**TASK OBJECTIVE:**
Select and reproduce each line of the listing below that bears the string "concurrencia".

** DATA FOR ANALYSIS follows **

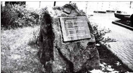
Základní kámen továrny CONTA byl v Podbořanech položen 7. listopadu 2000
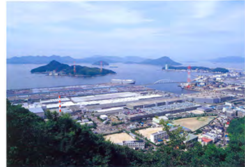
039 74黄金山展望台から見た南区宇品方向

** End of DATA FOR ANALYSIS **
** DATA FOR ANALYSIS follows **

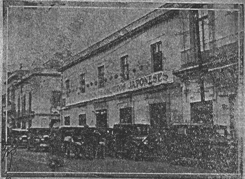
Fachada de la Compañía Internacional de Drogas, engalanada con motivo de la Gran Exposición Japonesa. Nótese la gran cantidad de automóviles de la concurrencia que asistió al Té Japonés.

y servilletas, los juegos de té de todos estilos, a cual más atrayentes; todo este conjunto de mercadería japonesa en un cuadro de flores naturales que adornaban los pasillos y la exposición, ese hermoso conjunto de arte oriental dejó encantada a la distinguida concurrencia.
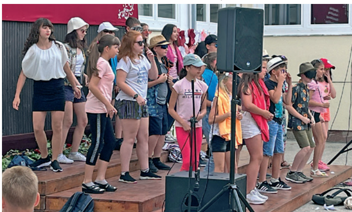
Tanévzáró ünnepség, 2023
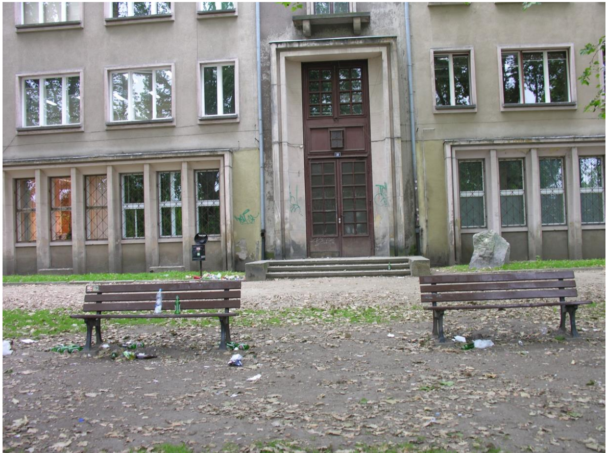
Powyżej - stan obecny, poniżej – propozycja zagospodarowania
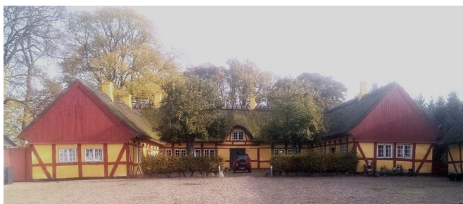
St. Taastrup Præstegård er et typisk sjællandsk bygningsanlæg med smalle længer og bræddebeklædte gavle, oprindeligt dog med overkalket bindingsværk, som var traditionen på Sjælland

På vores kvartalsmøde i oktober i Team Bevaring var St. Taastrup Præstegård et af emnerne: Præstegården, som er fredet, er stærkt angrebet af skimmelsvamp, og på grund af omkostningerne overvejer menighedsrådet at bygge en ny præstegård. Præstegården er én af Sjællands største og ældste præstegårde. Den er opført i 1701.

** End of DATA FOR ANALYSIS **
** DATA FOR ANALYSIS follows **

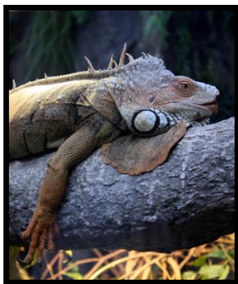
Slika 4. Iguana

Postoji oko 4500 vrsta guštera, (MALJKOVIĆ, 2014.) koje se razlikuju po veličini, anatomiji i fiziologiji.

** End of DATA FOR ANALYSIS **

**WORKED SOLUTION:**
Fachada de la Compañía Internacional de Drogas, engalanada con motivo de la Gran Exposición Japonesa. Nótese la gran cantidad de automóviles de la concurrencia que asistió al Té Japonés.
y servilletas, los juegos de té de todos estilos, a cual más atrayentes; todo este conjunto de mercadería japonesa en un cuadro de flores naturales que adornaban los pasillos y la exposición, ese hermoso conjunto de arte oriental dejó encantada a la distinguida concurrencia.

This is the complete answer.